Assuming such an identity can be generated online, it can be used in much the same way as a physical ID, such as a driver’s license, can be used to avail services. For example, a physical ID card is often needed to create a bank account. Similarly, an online ID could be used to complete “know your customer” (KYC) requirements for creating a cryptocurrency wallet.

Currently, on the internet, a user’s identity consists of a unique identifier, along with some statements, or data “stapled” to the identifier. All this data is generated by a single source and controlled by that source. For example, an online healthcare system uses a patient’s health insurance card number as her identifier and stores the associated name and demographic data, along with all her test results and medical visits.

These existing systems are problematic in many ways. Firstly, the use of such identity is often limited to the provider that issues it. Even if identity on one site can be proven to others (e.g., using third-party login via OAuth), user privacy is lost in the process since the resulting identity data is heavily monetized in ways users have limited control over. The second serious drawback of server-controlled identity is that it places the responsibility of protecting the private, personally identifiable information of users in the hands of online providers. Naturally, this has led to a long list of devastating breaches. For instance, the data of 143 million customer credit cards leaked in the Equifax breach (2017), the details of 3 billion user accounts leaked in Yahoo breach (2013), etc.

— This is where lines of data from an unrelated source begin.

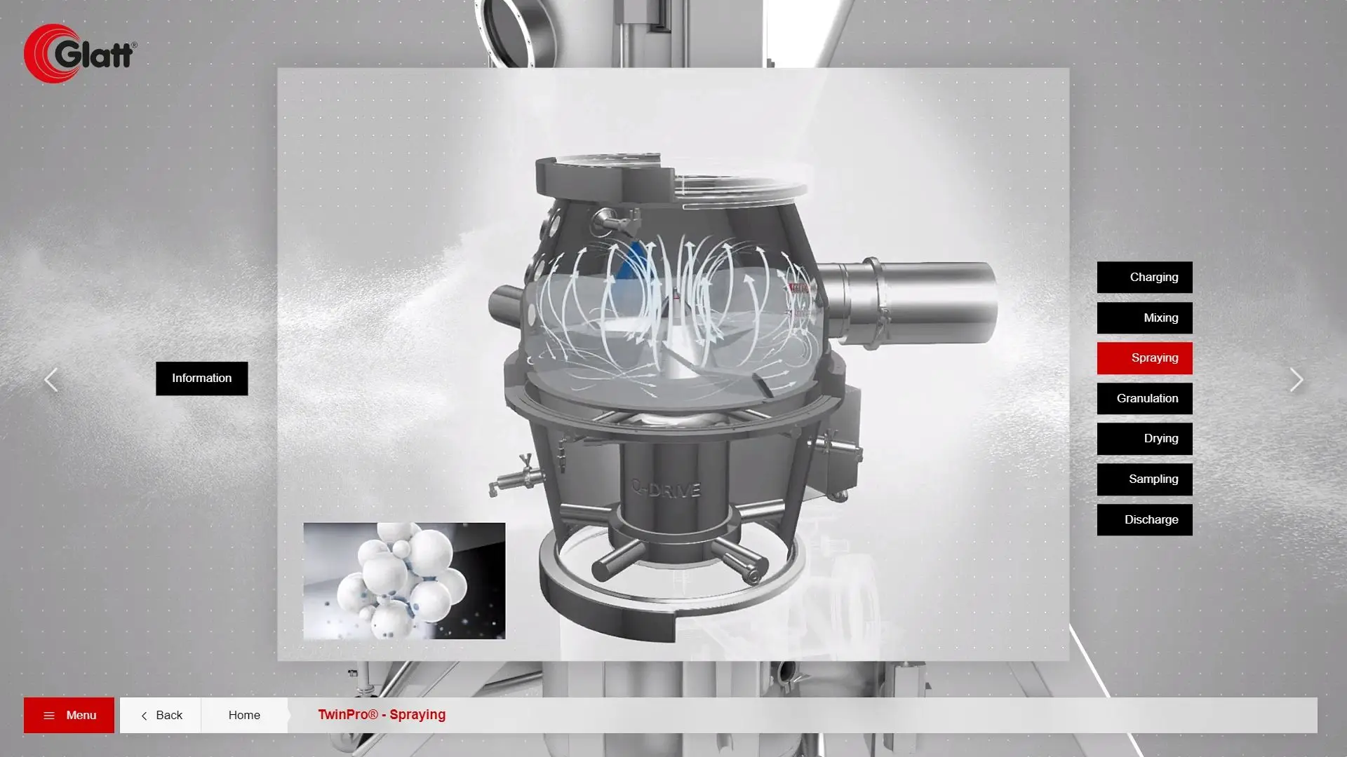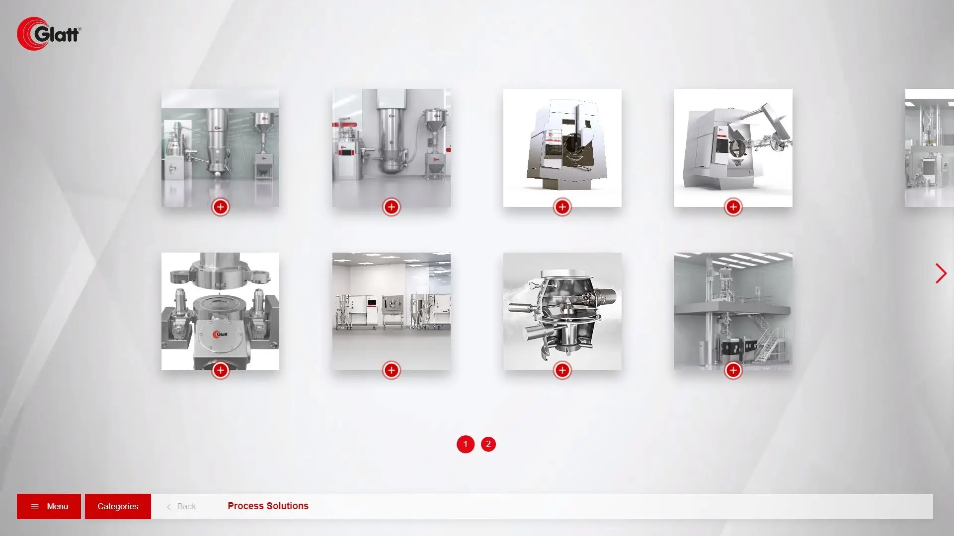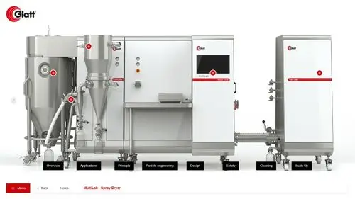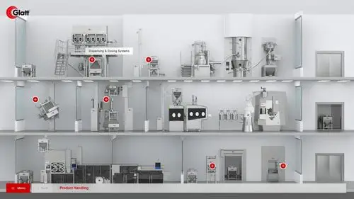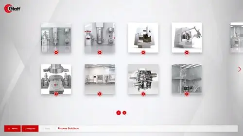 Für GLATT haben wir eine interaktive Sales-Anwendung auf Basis der BOX entwickelt, die alle 12 Maschinen als 3D-Visualisierung zugänglich macht. Der Zugriff erfolgt über Login — je nach Weltregion und Marktsegment des Nutzers werden unterschiedliche Maschinen, Varianten und Anwendungsbeispiele ausgespielt.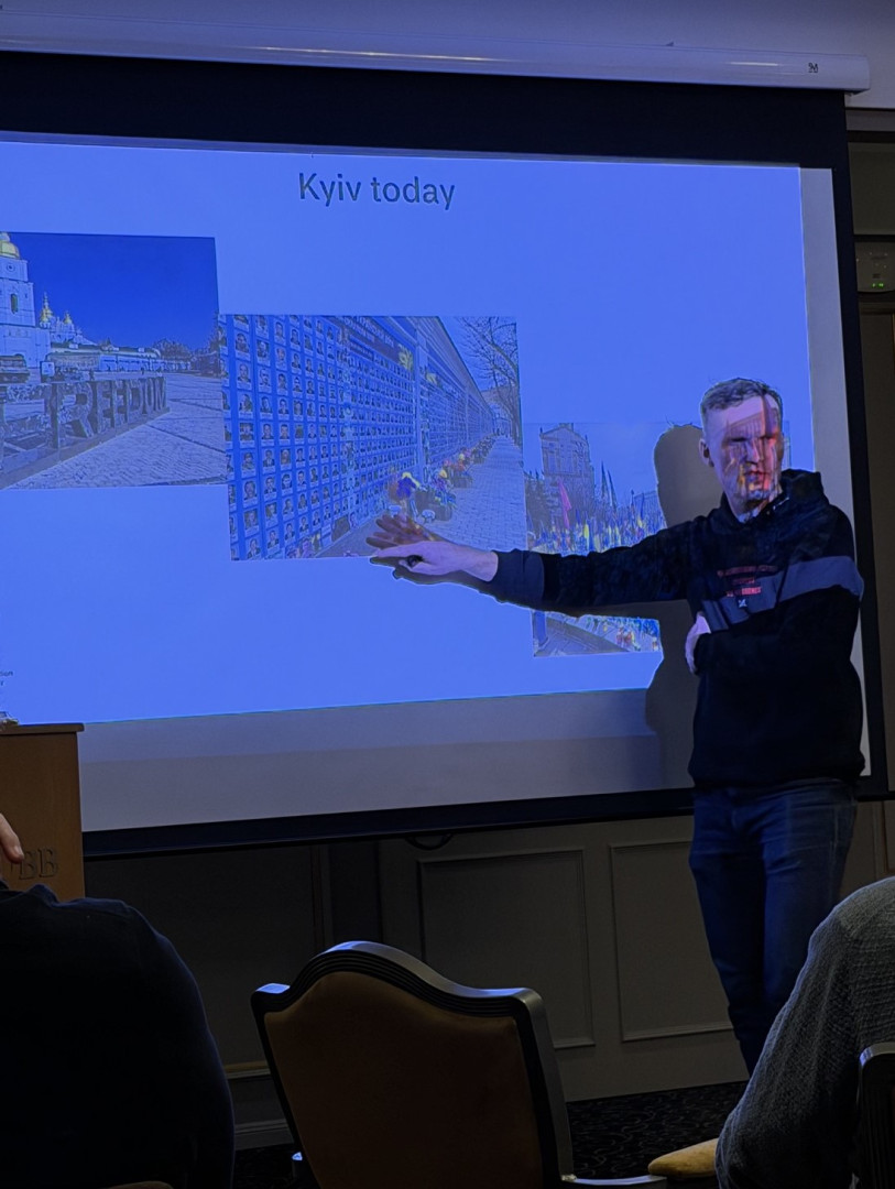 Ole J. Henæs som har bakgrunn fra fra forsvaret, salskaper innen maritim sektor, samt flere internasjonale roller knyttet til utenrikstjenesten og Innovasjon Norge har siden mars 2025 vært Leder for Innovasjon Norges kontor i Kyiv. Han fortalte om hvordan norske bedrifter kan være med å gjenoppbygge Ukraina og hjelpe landet med å forsvare seg. Innovasjon Norge i Ukraina opplever Innovasjon Norge stor pågang fra norsk næringsliv.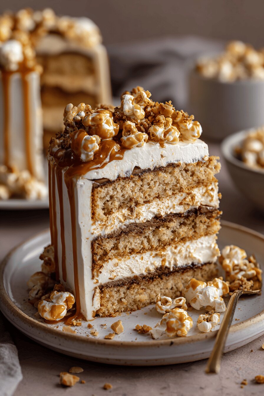 - 💡 Caramel sauce can vary; store-bought works but homemade richer, deeper burnt sugar scent. Drizzle carefully, half before popcorn, half after, to avoid soggy layers. Chill assembled cake 30 minutes minimum for setting; buttercream firms but stays creamy. Serve closer to room temp to soften buttercream and release aromas. Leftovers: air tight box at room temp for 2 days max, popcorn loses crispness fast, fudge hardens and stale flavors creep in. Refrigeration ruins popcorn crunch but preserves cake longer; prioritize fresh texture.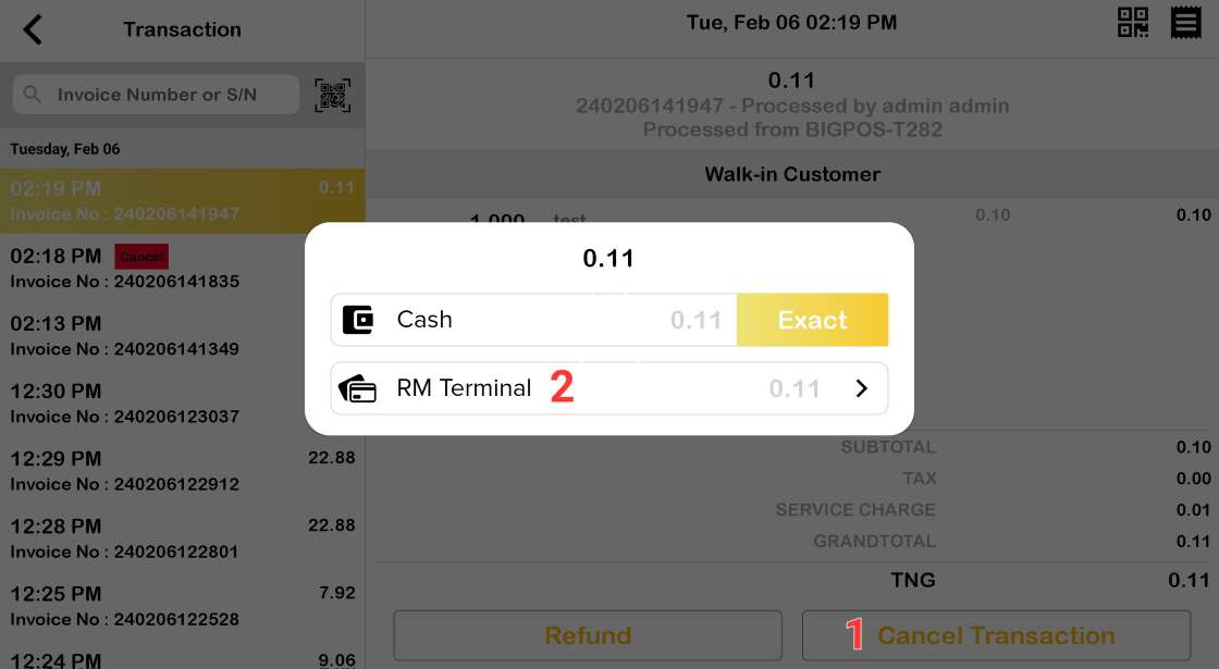 RM terminal only allow full refund. If customer want to perform full refund from Bigpos apps, please use ‘Cancel’ button to refund the transaction. For your information, RM terminal allow cancel and will refund money to both ‘Ewallet’ and ‘Card’ depends on customer payment method.

Backlash against handling of personal data by large tech firms has recently given rise to a new method of identity management, known as self-sovereign identity (or) decentralized identity. Such an identity would not have to be linked to a single centralized data source, which is one aspect of what makes it decentralized.

The key idea is simple, yet powerful: give users complete control of their own data. In a decentralized identity (DID) system, each user maintains a set of credentials or DIDs. DIDs usually have public and private key pairs associated with them. By controlling the private keys associated with DIDs, users are empowered to disclose or withhold their credentials, as desired, in online interactions. For example, an online job applicant might release a digitally signed credential from her university showing that she has received a bachelor’s degree.

Image of a diploma
Image of a diploma

Decentralized identity has seen a major surge of interest recently. Several initiatives are working hard to realize the vision of decentralized identity by building a common set of standards to interact with DIDs. The organizations include, but are not limited to W3C DID, Hyperledger Indy/Aries and ID2020.

What is CanDID?

All existing DID proposals however fail to address several key challenges, which we focus in our new paper, CanDID (short for “can do decentralized identity (DIDs)”). Below we discuss these issues. CanDID leverages a decentralized committee of nodes to issue and manage credentials.

1. Legacy Compatibility: Most proposed decentralized identity systems presume the existence of a community of issuers of digitally signed credentials. But such issuers may not arise until decentralized identity infrastructure sees use. The result is a bootstrapping problem. A big impediment to DID adoption is the inability of proposed systems to leverage the rich data on users available in existing web services that do not issue signed attestations.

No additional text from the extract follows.